How can we figure out where this point would be seen in the image? We now actually have a straight forward approach:

$$
\left[\begin{array}{cc} X \\ Y \\ Z \end{array}\right] \xrightarrow[Z]{\mathrm{divide}}
\left[\begin{array}{cc} \frac{X}{Z} \\ \frac{Y}{Z} \\ 1\end{array}\right] \xrightarrow[kc]{\mathrm{distort}}
\left[\begin{array}{cc} x' \\ y' \\ 1\end{array}\right] \xrightarrow[K]{\mathrm{denormalize}}
\left[\begin{array}{cc} x \\ y\end{array}\right]
$$

This is the process of projecting a 3D point to a 2D point. The first step is to divide by the depth, which gives us the normalized image coordinates. The second step is to distort the normalized image coordinates. The third step is to denormalize the distorted image coordinates. The resulting image coordinated are where the 3D point would be seen in the image. There are some thing to be aware of:

- There is no guarantee that the point will be visible in the image, as it might be outside the image boundaries.
- If the point is behind the camera, the point will be projected to the image plane, but it will be projected to the opposite side of the image plane. This is why we need to check the depth of the point before projecting it to the image plane. If the depth is negative, the point is behind the camera, since the camera is defined to be positioned at the origin with the optical axis pointing in the $z$-direction.
- If the $z$-coordinate is 0, the division will result in a division by zero. Hence, the projection is not defined at this point. This can be seen as the point being in the plane of the image itself, and at this point the image sensor is "infinitely" small.

## Simple Projection

Let us start by loading a camera calibration and a set of 3D points. For the 3D points I will define a grid in the $xy$-plane, where the $z$-coordinate is 0. This is how we usually define 2D objects like checkerboards etc. in 3D space.

In [1]:
import matplotlib.pyplot as plt
import numpy as np

from oaf_vision_3d.lens_model import CameraMatrix, DistortionCoefficients, LensModel


lens_model = LensModel(
    camera_matrix=CameraMatrix(
        fx=2500.0,
        fy=2500.0,
        cx=1250.0,
        cy=1000.0,
    ),
    distortion_coefficients=DistortionCoefficients(
        k1=0.3,
        k2=-0.1,
        p1=-0.02,
    ),
)

points = np.stack(
    [
        *np.meshgrid(np.linspace(-20, 20, 10), np.linspace(-20, 20, 10)),
        np.zeros((10, 10)),
    ],
    axis=-1,
    dtype=np.float32,
)

I choose to make a grid that is 10x10, and the grid where $x$ and $y$ are in the range $[-20, 20]$, equally spaced with 10 points in each direction. I think of this as being in mm, since this is the unit I usually work in, but this is unitless.

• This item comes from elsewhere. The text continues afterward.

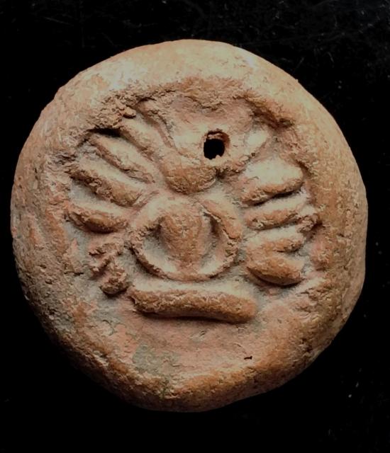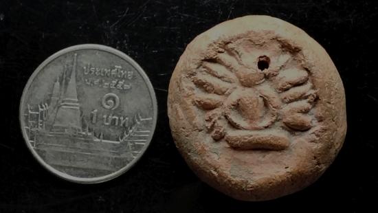 พระจันลอยเนื้อดินเจาะรูหลังมีรอยจารไม่ทราบที่ |

Let's see how this grid look in 3D:

In [None]:
from mpl_toolkits.mplot3d import Axes3D

fig = plt.figure(figsize=(10, 8))
ax = fig.add_subplot(111, projection="3d")
ax.scatter(points[..., 0], points[..., 1], points[..., 2], c="r", marker="o")
ax.set_xlabel("X")
ax.set_ylabel("Y")
ax.set_zlabel("Z")
ax.axis("equal")
ax.invert_yaxis()
ax.invert_zaxis()
plt.show()

Let's first implement a simple function that follows the above equation to project a 3D point to a 2D point. The steps are:

1. Divide $X$ and $Y$ by $Z$. This is now our normalized undistorted image coordinates, they are undistorted since we are in 3D space.
2. Distort the normalized undistorted image coordinates.
3. Denormalize the distorted image coordinates to get the final image coordinates.

In [3]:
from nptyping import Float32, NDArray, Shape


def project_points_simple(
    points: NDArray[Shape["*, 3"], Float32],
    lens_model: LensModel,
) -> NDArray[Shape["*, 2"], Float32]:
    undistorted_normalized_pixels = points[None, :, :2] / points[None, :, 2:]
    normalized_pixels = lens_model.distort_pixels(
        normalized_pixels=undistorted_normalized_pixels
    )
    return lens_model.denormalize_pixels(pixels=normalized_pixels)[0]

We already know that the projection is undefined if $Z=0$, so for this inital projection I will set the $Z$-coordinate to 100. Let's first see how the grid looks in 3D, we also add the point $(0, 0, 0)$ to show where the camera is located:

In [None]:
points_shifted = points + np.array([0, 0, 100], dtype=np.float32)[None, None, :]

fig = plt.figure(figsize=(10, 8))
ax = fig.add_subplot(111, projection="3d")
ax.scatter(
    points_shifted[..., 0],
    points_shifted[..., 1],
    points_shifted[..., 2],
    c="r",
    marker="o",
)
ax.scatter(0, 0, 0, c="b", marker="x")
ax.set_xlabel("X")
ax.set_ylabel("Y")
ax.set_zlabel("Z")
ax.axis("equal")
ax.invert_yaxis()
ax.invert_zaxis()
plt.show()

Now we can use our simple projection function to project the 3D points to 2D points:

In [None]:
projector_points = project_points_simple(
    points=points_shifted.reshape(-1, 3), lens_model=lens_model
).reshape(10, 10, 2)

plt.figure(figsize=(10, 8))
plt.plot(projector_points[..., 0], projector_points[..., 1], "x-")
plt.plot(projector_points[..., 0].T, projector_points[..., 1].T, "-")
plt.axis("equal")
plt.xlim(0, 2499)
plt.ylim(1999, 0)
plt.show()

## Full Projection

It might be misleading to call it simple and full projection, but in the projection algorithm we usually include a transform of the points. This comes in the form of a rotation and translation, that we apply to the points before projecting. Above I added 100 to all the $Z$-coordinates, which is the same as sending in an translation of $[0, 0, 100]^T$. It is benefitial to use the [Rodrigues rotation vector](https://en.wikipedia.org/wiki/Rodrigues%27_rotation_formula) to represent the rotation, since this is a compact representation of the rotation. The rotation vector give the axis of rotation, and the the lenght of the vector gives the angle of rotation. A big benefit with the rotation vector is that:

1. It is a compact representation of the rotation using only 3 numbers.
2. The rotation vector is differentiable, which is important for optimization algorithms.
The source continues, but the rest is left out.